The stigmas associated with vices do not fill any “purpose” but rather are effects of the actions. If a particular thing or action is disapproved of by a significantly large or influential portion of a population, it will have a stigma attached to it. And yes, some one who “look[s] slovenly and do[es] stupid things” will have stigmas attached to him or her.

I’m all for personal liberties, but I do tend to look with distaste upon drug users and pornographers. These are simply not in line with my personal ethics or morality. In the best of all possible worlds (to me) there wouldn’t be any criminalization of drugs, people wouldn’t use them, by their own informed choice.

It appears to me that the proponents of drug legalization, especially marijuana, are taking very few steps toward breaking down any stigmas associated with pot use. While there may be benefits to legalization, the majority of this society will not accept those benefits as long as they are being touted by “undesirables.” How can the mainstream take seriously a position held by a bunch of stoners?

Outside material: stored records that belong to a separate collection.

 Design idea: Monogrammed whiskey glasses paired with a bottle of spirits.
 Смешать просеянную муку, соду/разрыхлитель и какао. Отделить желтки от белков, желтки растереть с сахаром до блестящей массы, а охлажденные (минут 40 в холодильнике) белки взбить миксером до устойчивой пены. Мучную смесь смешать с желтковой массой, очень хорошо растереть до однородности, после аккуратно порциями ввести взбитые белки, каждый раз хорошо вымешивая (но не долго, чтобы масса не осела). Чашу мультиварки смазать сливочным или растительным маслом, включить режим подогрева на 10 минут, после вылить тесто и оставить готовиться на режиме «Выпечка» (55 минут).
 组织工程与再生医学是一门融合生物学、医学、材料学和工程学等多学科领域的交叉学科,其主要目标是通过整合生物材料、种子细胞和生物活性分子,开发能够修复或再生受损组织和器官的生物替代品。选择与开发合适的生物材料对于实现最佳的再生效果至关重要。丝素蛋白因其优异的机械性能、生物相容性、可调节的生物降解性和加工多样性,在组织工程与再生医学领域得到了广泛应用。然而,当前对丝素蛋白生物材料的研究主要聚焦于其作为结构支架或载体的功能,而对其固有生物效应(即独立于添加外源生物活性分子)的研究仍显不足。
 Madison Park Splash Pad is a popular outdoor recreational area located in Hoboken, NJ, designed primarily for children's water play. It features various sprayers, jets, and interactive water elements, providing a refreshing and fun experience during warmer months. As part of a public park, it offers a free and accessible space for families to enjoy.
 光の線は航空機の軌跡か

The same thing happens with some gay pride parades. As has been described pointedly in The Onion, the behavior of a few can increase the stigma of the many. This is not just, but it is a fact of life.

If it could somehow be guaranteed that vices would in no way effect the lives of anyone who chose not to partake, the stigmas may have a better chance of fading away. With drugs, there is little hope of this, unless the user is confined to his or her home for the duration of any effects. With pornography, major changes would have to be made in order to ensure that any participation in its creation was consensual, and that people who do not want to view it (or whose parents do not wish them to view it) are not exposed to it.

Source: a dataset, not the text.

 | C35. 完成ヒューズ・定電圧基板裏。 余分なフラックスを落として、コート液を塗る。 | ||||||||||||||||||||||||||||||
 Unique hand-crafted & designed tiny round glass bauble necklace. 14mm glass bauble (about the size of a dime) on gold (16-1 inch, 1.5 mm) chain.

The outlook is a little better for individual sexual practices, as long as other people don’t have to hear about them. I’m pretty accepting of what people do in private, but I don’t really care to hear in great detail what went on last night with you, some friends, a trampoline, and a tub cool whip. Many people don’t even want to know what could conceivably be done with such ingredients.

In short, those for whom vice is part of their lives need to respect the right of others to live free of vice. They would need to make reasonable accomodations to keep harmless but distasteful actions in private, and extraordinary measures to isolate actions which may pose physical danger to others, in order to erase the stigmas.

On the other hand, those who wish to stay away from vice need to recognize that we all have free will, and respect the rights of others to live their lives as they see fit. It is their responsibility to create a safe zone for themselves and their family.

For example, it should be my right to walk downtown and not worry about second-hand smoke, contaminated needles in garbage cans, and the like. But I would have to be responsible for preventing my children from accessing inappropriate material on TV or the internet.

I am not arguing for legislation against anything. I don’t believe that would solve the problem. I don’t want to live in Singapore. To bring this sort of society to fruition, major changes in in thinking and behavior would have to occur on both sides on the equation.

The stigmas will only fall, and the implicit acceptance of vice in its place within our society will only happen when people actually have respect for one another, and truly wish to do good.

In England we have a long tradition of being disgusted at vices in public but enjoying them in private.

In some parts of Europe they are a lot more ‘open’ about these things.